Further evidence against the hypothesis that TPs serve as a gateway to speech segmentation comes from a recent corpus analysis in which we examined how the statistical structure of CDS changes as children grow (Langus et al., 2019). The way caregivers speak to their children evolves with age. For example, speech directed at younger children tends to feature more repetition of words and simpler sentence structures (Fernald & Morikawa, 1993; Raneri et al., 2020; Tal et al., 2022), which can influence the distribution of syllables across utterances. High repetition may increase word-internal TPs but reduce opportunities for infants to compute transitional dips at word boundaries, thereby altering the cues available for segmentation. Simpler structures may further concentrate co-occurrence patterns within familiar phrases, potentially shifting the statistical landscape learners are exposed to. Our hypothesis is that, if TPs were a universal gateway to speech segmentation, we would expect speech to younger children to exhibit less cross-linguistic variability and to favor a single segmentation algorithm (e.g., Forward TPs or Backward TPs). To test this hypothesis, we analyzed CDS from six different languages (German, Dutch, Italian, Hungarian, English, and Estonian) transcribed in the CHILDES database (MacWhinney, 2000; available at https://childes.talkbank.org/ (accessed on 20 January 2025)). We focused on how distributional cues used for statistical speech segmentation are influenced by parents’ tendency to adjust their speech according to the child’s age. For each utterance in each corpus, we determined the age of the child at which it was recorded (from 1 to 60 months). As a result, the original grand corpora were parceled into smaller ones (a total of 196) roughly corresponding to individual CHILDES’ sessions of a child and its caregivers (see Table 1 for a detailed composition of the corpora). In contrast to previous corpus analyses that aggregated CDS from children of different ages (cf. Saksida et al., 2017; Gervain & Guevara, 2012), we treated children’s age as a continuous factor. Note that the English corpus is the only one to include transcripts from infants under 4 months of age, which introduces a sampling bias that may limit direct comparisons of early input across languages.

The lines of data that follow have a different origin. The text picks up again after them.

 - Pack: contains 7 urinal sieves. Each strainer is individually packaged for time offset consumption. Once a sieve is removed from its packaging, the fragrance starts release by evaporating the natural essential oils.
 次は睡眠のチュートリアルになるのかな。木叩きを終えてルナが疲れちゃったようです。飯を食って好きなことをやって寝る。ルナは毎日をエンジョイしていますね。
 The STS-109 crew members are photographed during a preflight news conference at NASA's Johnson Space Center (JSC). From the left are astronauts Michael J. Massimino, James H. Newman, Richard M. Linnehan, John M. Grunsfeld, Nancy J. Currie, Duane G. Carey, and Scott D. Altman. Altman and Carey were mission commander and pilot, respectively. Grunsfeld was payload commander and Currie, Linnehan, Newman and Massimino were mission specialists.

The amount of linguistic input provided to children at various ages was roughly comparable. We found no significant increase in the number of syllable tokens, word tokens, or sentence tokens in CDS as children grew older across the six languages. Despite similar token frequencies, we observed a significant increase in speech complexity. First, words directed at older children contained, on average, more syllables, and sentences directed at older children contained, on average, more words (Figure 1E,F). Additionally, there was a significant increase in syllable and word types with age across all languages (Figure 1A,B). We also observed a significant increase in the type/token ratio for words, but not for syllables (Figure 1C,D). This supports the assumption that words are repeated more frequently to younger children cross-linguistically. However, this repetition pattern was observed only for words, not for syllables. This suggests that, while more syllable types enter the linguistic input, the frequency of repetition for each syllable type remains constant across age groups. We speculate that this reflects a fundamental aspect of the combinatorial nature of spoken language, where a limited set of syllables are combined to form a much larger number of words.

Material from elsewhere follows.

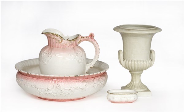 Manifatture diverse, lotto composto da una brocca cn catino e portasapone ed un

The increase in variability on the word level observed in CDS cross-linguistically was mirrored by a language-specific improvement in the performance of segmentation algorithms. Specifically, we compared Forward and Backward TPs using two types of segmentation algorithms. First, we used a relative algorithm that assigns word boundaries when the TP between two syllables decreases relative to neighboring syllable pairs. Second, we used an absolute algorithm that assigns word boundaries based on the average TPs at word boundaries, using this value as a threshold for segmentation (cf. Saksida et al., 2017). Performance below chance suggests that the segmentation cue is not relevant as the algorithm is yielding more nonwords than actual words. For both the relative and absolute algorithms, when comparing Forward and Backward TPs, we found that segmentation performance with Forward TPs increased significantly with age in English, Estonian, Italian, and Dutch, while performance with Backward TPs improved in Hungarian and German (see Figure 2). However, segmentation performance with the relative algorithm never resulted in more actual words than non-words (see also Saksida et al., 2017). In contrast, the absolute algorithm using Forward TPs outperformed Backward TPs in English, Estonian, Italian, and Dutch at 20 months, while Backward TPs outperformed Forward TPs in German and Hungarian at 30 months. This suggests that, even with relatively little linguistic input, the absolute algorithms can achieve considerable segmentation performance, although the direction of the TP computation varies depending on the language in question. Note that, while TPs are used here as a way of quantifying statistical structure in the input, we do not take a position on whether infants compute probabilities per se or segment via alternative mechanisms such as chunking (e.g., Perruchet, 2019; Jessop et al., 2025). More generally, our focus is on evaluating TPs as a mechanism for early segmentation, rather than adjudicating between TP- and chunking-based models, so our arguments should not be interpreted as a broader rejection of distributional or sequence-based accounts of segmentation (Perruchet, 2019; Frank et al., 2010). Our interpretation focuses on how regularities align with behavioral outcomes, independent of the underlying cognitive process.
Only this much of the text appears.